Designing an MMO like a theme park? I can see where it's similar in FFxiv.
But an MMO needs to be fun at all levels, like a theme park. And *all* of the rides need to be maintained, not just left in the dust to fall apart- especially when new players have to ride all of those old decrepit rides first to get to the new ones. And old content is the majority of levelling in an MMO where replayability is a major point, trying different jobs. But we still see old job quests telling players to do mechanics and use abilities that dont exist anymore or never exist outside of guildhests which were supposed to teach players mechanics.
This is why the experience gain is like being shot into the sky on a rocket, and all new jobs released start at the highest level before the next expansion. They only care about the shiny new rides. It's a huge waste of assets.
The issue is it's not sustainable. The moment you have a subpar expansion, your game will have nothing to fall back on and revenues will suffer massively.
Rapid levelling hurts sub time, but more importantly it hurts player skill attainment. This is why people complain about difficulty when fighting striking dummy bosses and puzzle fights. That in turn encourages dumbing down jobs.

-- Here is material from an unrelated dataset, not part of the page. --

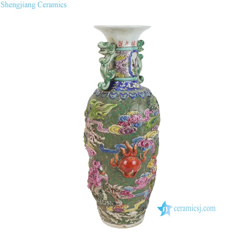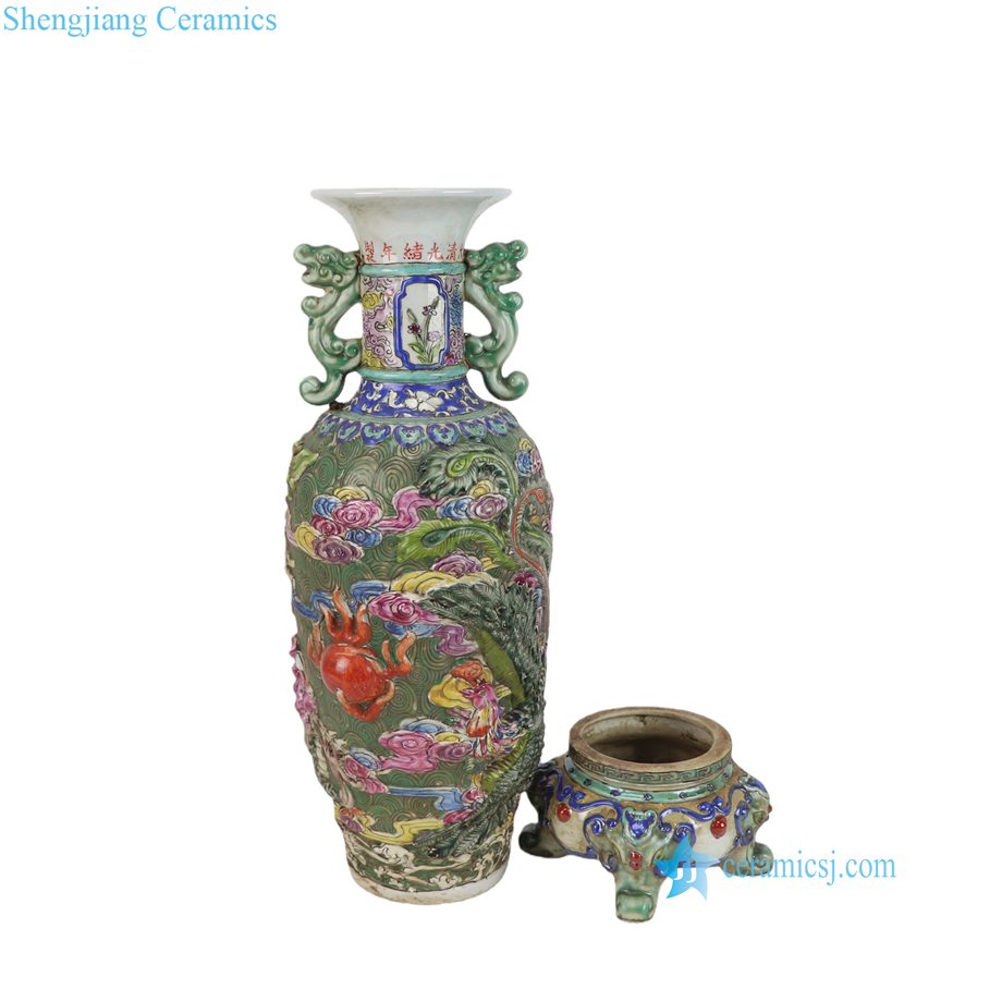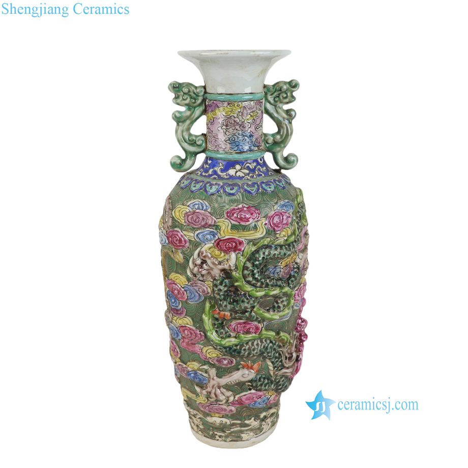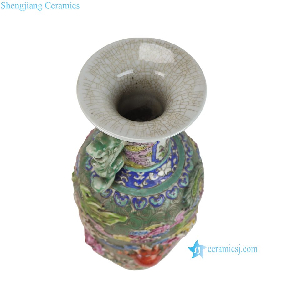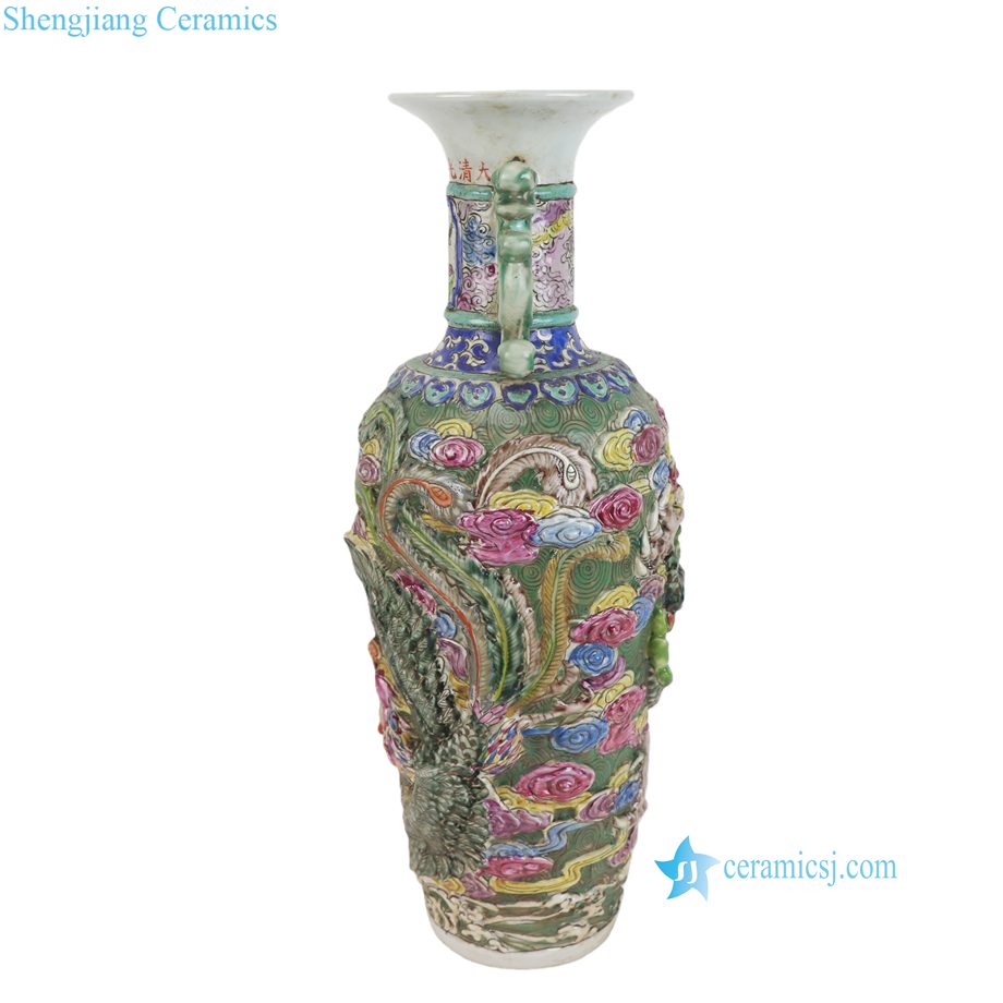 RXFC06-A Large Rose Medallion Fluted Dragon and Phoenix Carved Pattern Chinese Porcelain Vase with base

When levelling a new job, I often feel I level faster than I can learn it. It might seem contradictory, but it's also not true across the board.
Regardless, the game does not teach you how to play the game.
The levelling experience is hurt further by scaling. Old and even current content gets made braindead easy just from gear numbers. Aglaia is the perfect example. I felt like it had actual mechanics that would still be fun if we didnt kill the bosses before they could happen, or if they weren't so slow to use them. The lack of rng is bad too, like where aoes will be or the order. They can have the appearance of being rng and reactive, but are actually always the same.
The theme park analogy is used to justify flaws in the game as if that makes it not flawed, and it's wrong. Over time there'll be so much dead content it'll be like walking through chernobyl to ride one roller coaster.